▸ **Assignment**:
The result is the exact lines from the one containing "Физическая (успел –" through the final line of the entries; leave out the pictures.

▸ **Exercise material**:

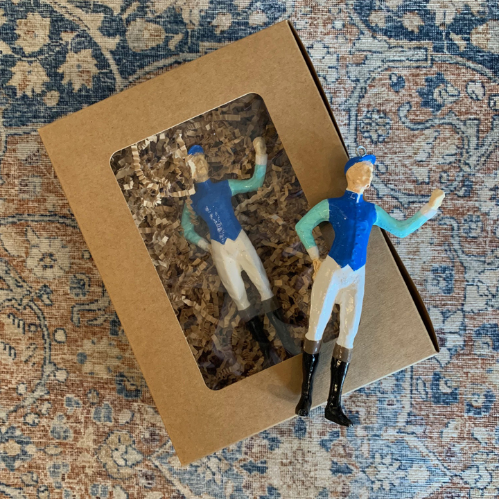 A wonderful, locally-made homage to Keeneland and Churchill Downs and the Sport of Kings! Each of these jockey ornament are hand-molded and casted using high quality resin before being hand-painted. Custom colors/silks may be available upon request. Lovingly hand-crafted by the good people at Whiskey Library Wax Works, right here in Lexington, KY! Measures approx. 6″ tall top to bottom, 3″ wide. This item was manufactured to look antique, expect some built in imperfections. Available seasonally. Extremely limited supply.
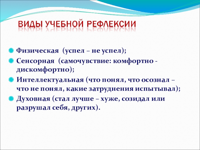 Физическая (успел – не успел);Сенсорная (самочувствие: комфортно - дискомфортно);Интеллектуальная (что понял, что осознал – что не понял,
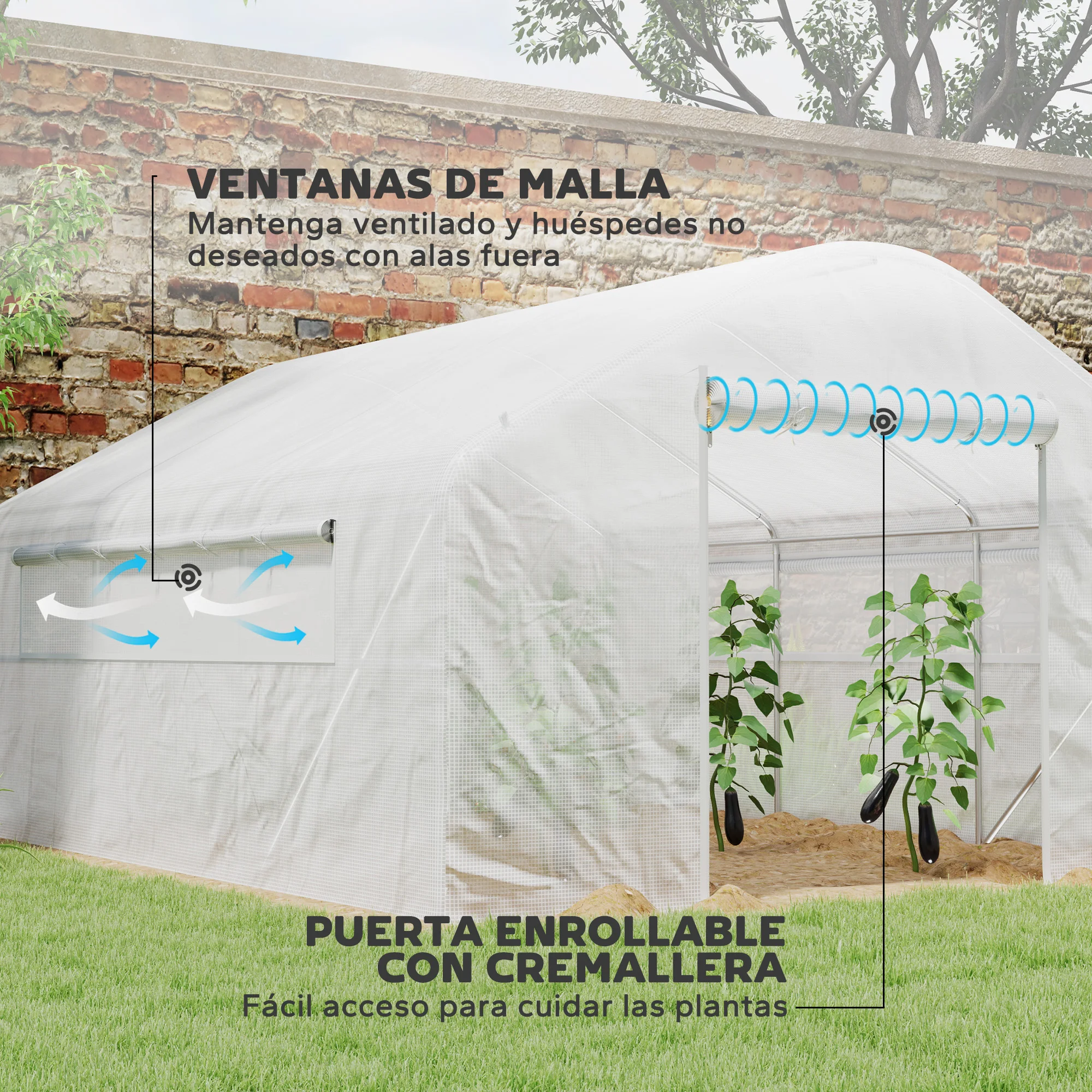 ● Este invernadero de jardín cuenta con una puerta enrollable y grandes ventanas para un fácil acceso y mejor ventilación
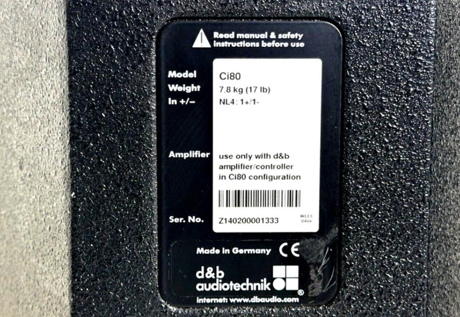 The D&B Audiotechnik Ci80 is a high-quality, coaxial 2-way passive installation speaker, known for its precise dispersion and compact footprint. Perfect for fixed installations, delay systems, or distributed sound, this unit is fully tested and ready for integration.
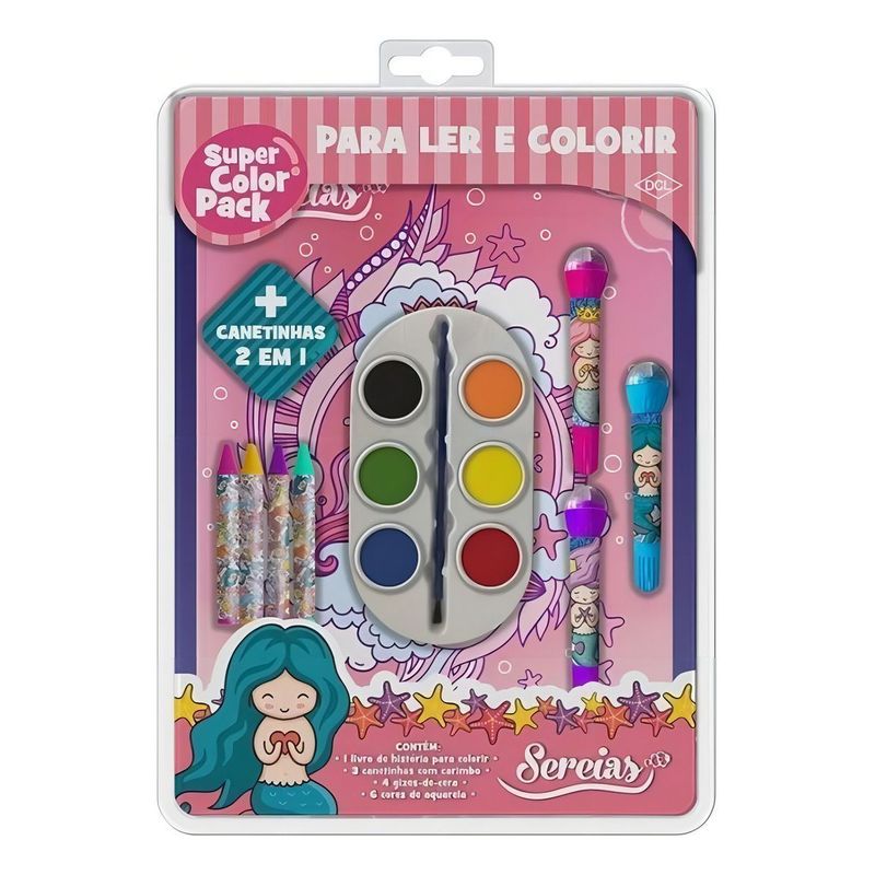 Pinte e borde com as Sereias neste divertido kit. O blister inclui livro para ler e colorir, gizes de cera, paleta de aquarela e canetinhas com carimbos acoplados.
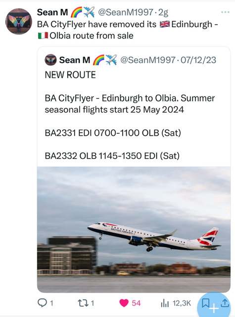 Ci viene segnalato da SeanM1987 su X che la rotta Edimburgo-Olbia di BA Cityflyer e’ stata rimossa dalle vendite per l’estate 2026. La rotta era un volo settimanale con Embraer E190 operata ogni sabato
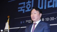 [이용우 기자] (서울=국제뉴스) 최태원 대한상공회의소 회장이 22일 오전 서울 여의도 국회 사랑재에서 열린 국회 미래산업포럼- 2025-04-22 14:05
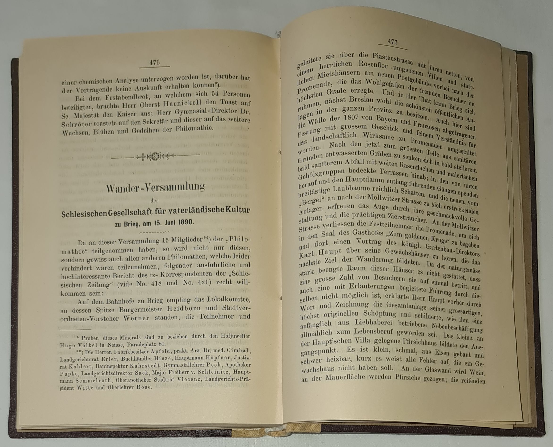 Über die Wanderversammlung der Schlesischen Gesellschaft für vaterländische Kultur zu Brieg, am 15. Juni 1890.
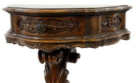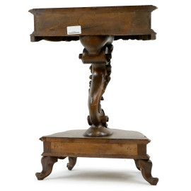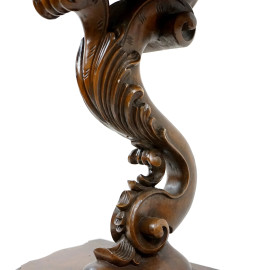 Comodino in noce, inizi XX secolo, piano di linea sagomata, un cassetto nella fascia, gamba a volute e grande foglia d'acanto, base ad un cassetto poggiante su quattro piedi a ricciolo, cm h 70x53x29
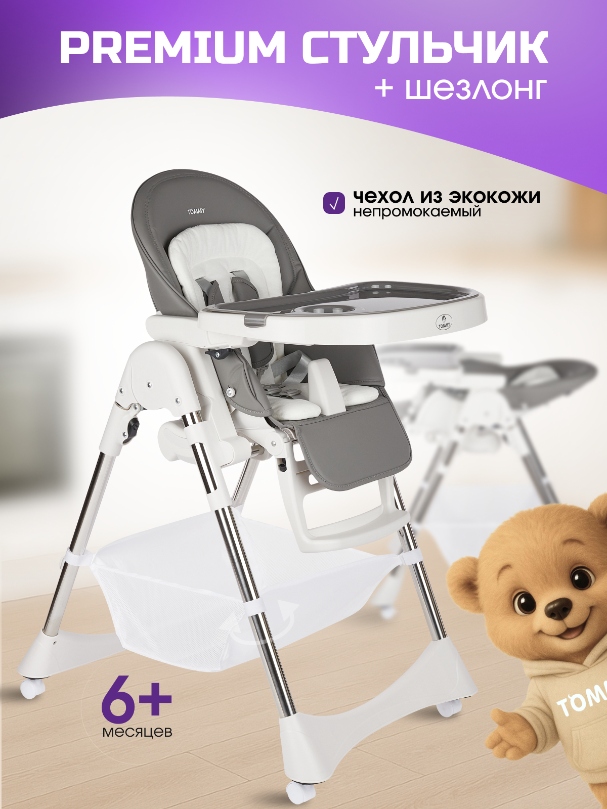 Купить Стульчик для кормления (6-36 месяцев) Tommy Bon appetit темно-серый с регулировкой спинки, столика, высоты, подножки с доставкой по всей России.

▸ **Response**:
 Физическая (успел – не успел);Сенсорная (самочувствие: комфортно - дискомфортно);Интеллектуальная (что понял, что осознал – что не понял,
 ● Este invernadero de jardín cuenta con una puerta enrollable y grandes ventanas para un fácil acceso y mejor ventilación
 The D&B Audiotechnik Ci80 is a high-quality, coaxial 2-way passive installation speaker, known for its precise dispersion and compact footprint. Perfect for fixed installations, delay systems, or distributed sound, this unit is fully tested and ready for integration.
 Pinte e borde com as Sereias neste divertido kit. O blister inclui livro para ler e colorir, gizes de cera, paleta de aquarela e canetinhas com carimbos acoplados.
 Ci viene segnalato da SeanM1987 su X che la rotta Edimburgo-Olbia di BA Cityflyer e’ stata rimossa dalle vendite per l’estate 2026. La rotta era un volo settimanale con Embraer E190 operata ogni sabato
 [이용우 기자] (서울=국제뉴스) 최태원 대한상공회의소 회장이 22일 오전 서울 여의도 국회 사랑재에서 열린 국회 미래산업포럼- 2025-04-22 14:05
 Über die Wanderversammlung der Schlesischen Gesellschaft für vaterländische Kultur zu Brieg, am 15. Juni 1890.
 Comodino in noce, inizi XX secolo, piano di linea sagomata, un cassetto nella fascia, gamba a volute e grande foglia d'acanto, base ad un cassetto poggiante su quattro piedi a ricciolo, cm h 70x53x29
 Купить Стульчик для кормления (6-36 месяцев) Tommy Bon appetit темно-серый с регулировкой спинки, столика, высоты, подножки с доставкой по всей России.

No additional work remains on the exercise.